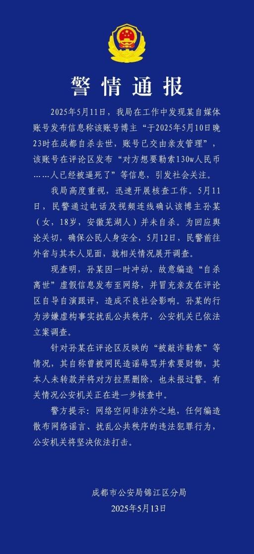 2025年5月11日,我局在工作中發(fā)現(xiàn)某自媒體賬號(hào)發(fā)布信息稱該賬號(hào)博主“于2025年5月10日晚23時(shí)在成都自殺去世,賬號(hào)已交由親友管理”,該賬號(hào)在評(píng)論區(qū)發(fā)布“對(duì)方想要勒索130w人民幣……人已經(jīng)被逼死了”等信息,引發(fā)社會(huì)關(guān)注。
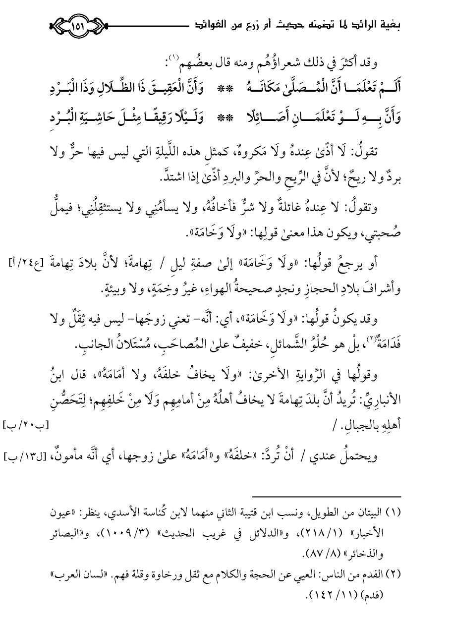 أو يرجعُ قولُها: «ولَا وَخَامَة» إلى صفةِ ليلِ / تِهامةَ؛ لأنَّ بلادَ تِهامةَ وأشرافَ بلادِ الحجازِ ونجدٍ صحيحةُ الهواءِ، غيرُ وخِمَةٍ، ولا وبيئةٍ.
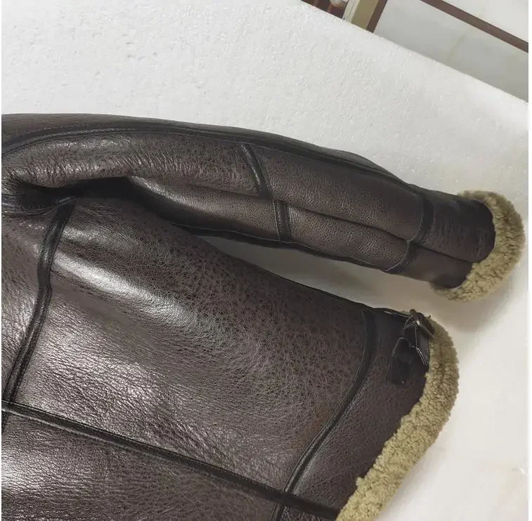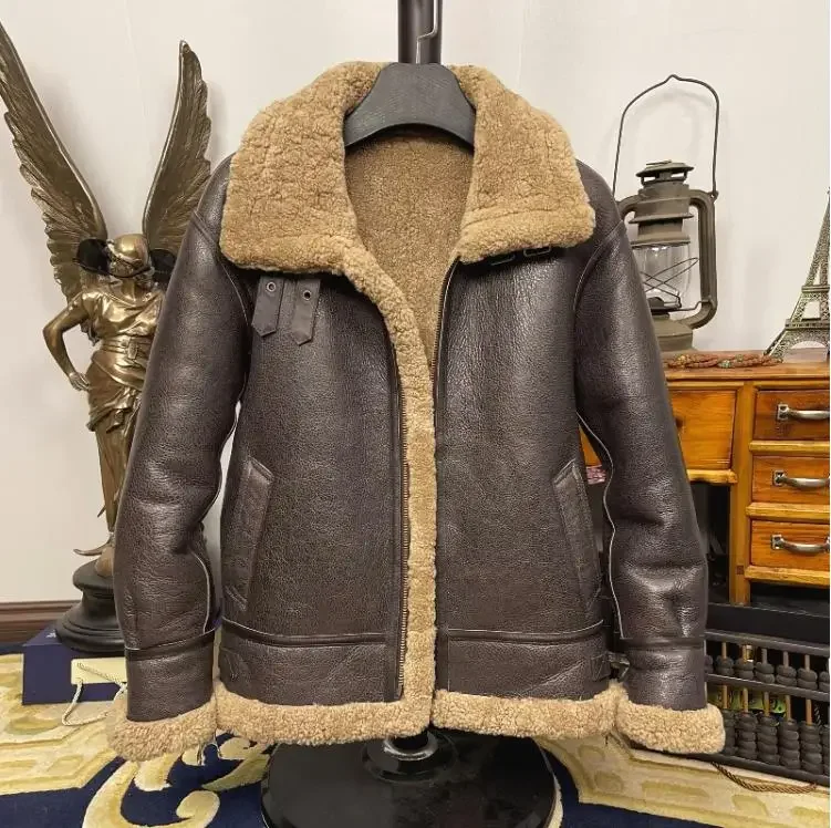 Men’s B3 Bomber Shearling Jacket – 100% Real Sheepskin Leather Coat with Natural Wool Lining, Thick Winter Warm Genuine Fur Outerwear

- [TASK ITEM]
From the line containing "وخِمَةٍ، ولا وبيئةٍ." down to the last line of the data above, transcribe exactly those lines and no others; omit the pictures.

- [THE COMPLETED TASK]
 أو يرجعُ قولُها: «ولَا وَخَامَة» إلى صفةِ ليلِ / تِهامةَ؛ لأنَّ بلادَ تِهامةَ وأشرافَ بلادِ الحجازِ ونجدٍ صحيحةُ الهواءِ، غيرُ وخِمَةٍ، ولا وبيئةٍ.
 Men’s B3 Bomber Shearling Jacket – 100% Real Sheepskin Leather Coat with Natural Wool Lining, Thick Winter Warm Genuine Fur Outerwear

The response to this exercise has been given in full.